Finding Your Tech Career Moat when AI is Eating the World
AI can copy your code, but it cannot copy your Human Success Code. Here is how to leverage your only non-depreciating asset.
The background frequency of the tech industry has stopped humming. Can you feel it!?
In 2022, if you could ship code or manage a backlog, you were royalty. Recruiters were sliding into DMs with offers. I certainly felt that during the peak. I have the LinkedIn inbox history to show for it.
Today, in 2026, the silence is deafening.

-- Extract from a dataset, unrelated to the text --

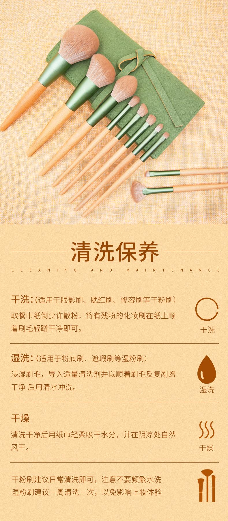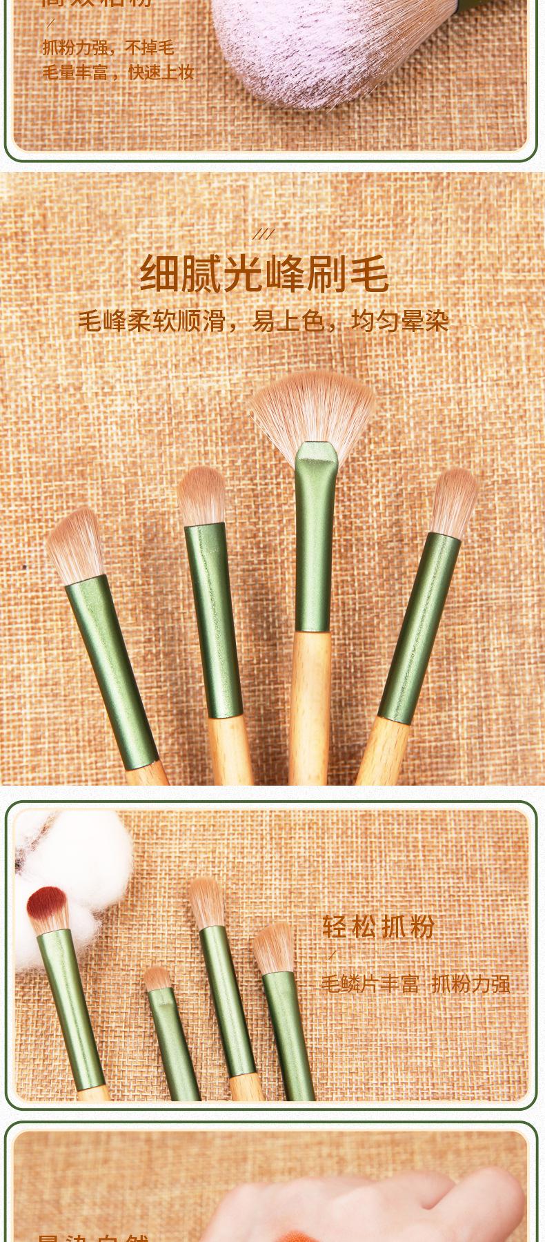Green Rose 10 Cosmetic Brush Set, Qingluo 10 cosmetic brush set + bag, Green Rose 10 Cosmetic Brush + Tube

Here’s someone with an advanced degree in Machine Learning. Look at their experience in trying to find a job in the tech industry:
I am not here to be a pessimist. I am here to report the structural change. We are witnessing the most aggressive depreciation of human capital especially those of us in tech since the dawn of tech. And if you are attempting to “upskill” your way out of this by learning a new framework, you are solving for the wrong user.

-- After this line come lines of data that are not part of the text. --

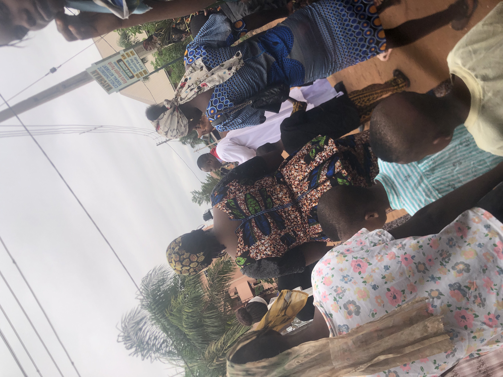 gathering of people in Nsugbe, Nigeria, near the Abata Nsugbe Parish of the Watchman Catholic Charismatic Renewal Movement. People are seen wearing a variety of colorful traditional clothing. A sign for the church is visible, listing Charismatic Hour and Bible Study as activities. There are trees and buildings nearby.
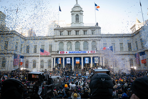 The incoming Mayor told the massive crowd “working people have reckoned with the consequences. Crowded classrooms and public housing developments where the elevators sit out of order; roads littered with potholes and buses that arrive half an hour late, if at all; wages that do not rise and corporations that rip off consumers and employees alike.”
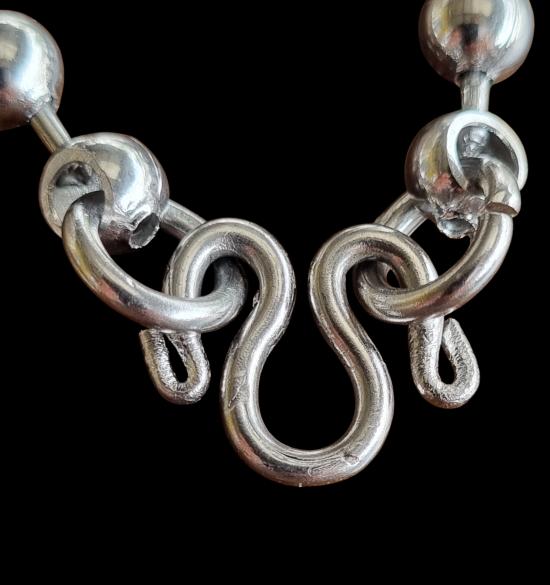++ สร้อยคอแสตนเลสงานเก่า ตราลูกศร ลายเม็ดไข่ปลาใหญ่ ยาวตลอดเส้น 28 นิ้ว ++

The Litmus Test Has Changed
Let’s look at the hard data. I hope this is less fear-mongering but more just spinning up an analytics dashboard.
The Goldman Sachs Reality (Financial Services): A task that once took a six-person team of investment bankers weeks of sleepless nights is now done by GenAI in minutes, at 95% quality.
The Shopify Standard (eCommerce): The new threshold for hiring is simple. Can an AI do this? If yes, the role doesn’t exist.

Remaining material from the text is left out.